*Material provided*

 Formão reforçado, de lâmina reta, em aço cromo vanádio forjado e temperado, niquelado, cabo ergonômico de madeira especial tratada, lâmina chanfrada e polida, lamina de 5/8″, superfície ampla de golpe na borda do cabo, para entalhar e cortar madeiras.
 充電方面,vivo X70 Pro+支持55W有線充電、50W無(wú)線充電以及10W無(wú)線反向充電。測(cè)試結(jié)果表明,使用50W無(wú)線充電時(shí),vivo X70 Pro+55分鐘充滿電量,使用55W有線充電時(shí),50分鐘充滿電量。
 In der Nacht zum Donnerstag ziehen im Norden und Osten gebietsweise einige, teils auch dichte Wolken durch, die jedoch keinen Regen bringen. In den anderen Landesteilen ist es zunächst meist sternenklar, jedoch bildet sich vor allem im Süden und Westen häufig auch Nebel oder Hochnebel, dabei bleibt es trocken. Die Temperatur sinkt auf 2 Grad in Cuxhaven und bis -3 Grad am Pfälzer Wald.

---

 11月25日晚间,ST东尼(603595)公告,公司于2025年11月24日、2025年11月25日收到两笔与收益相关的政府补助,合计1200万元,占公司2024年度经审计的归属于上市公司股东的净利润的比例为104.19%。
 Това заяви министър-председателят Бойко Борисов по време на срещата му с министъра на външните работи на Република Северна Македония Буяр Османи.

*Activity*
Each line in the listing above from the one containing "11月25日晚间,ST东尼(603595" through the one containing "Това заяви министър-председателят" should be repeated exactly, and no other line.

*Completed exercise*
 11月25日晚间,ST东尼(603595)公告,公司于2025年11月24日、2025年11月25日收到两笔与收益相关的政府补助,合计1200万元,占公司2024年度经审计的归属于上市公司股东的净利润的比例为104.19%。
 Това заяви министър-председателят Бойко Борисов по време на срещата му с министъра на външните работи на Република Северна Македония Буяр Османи.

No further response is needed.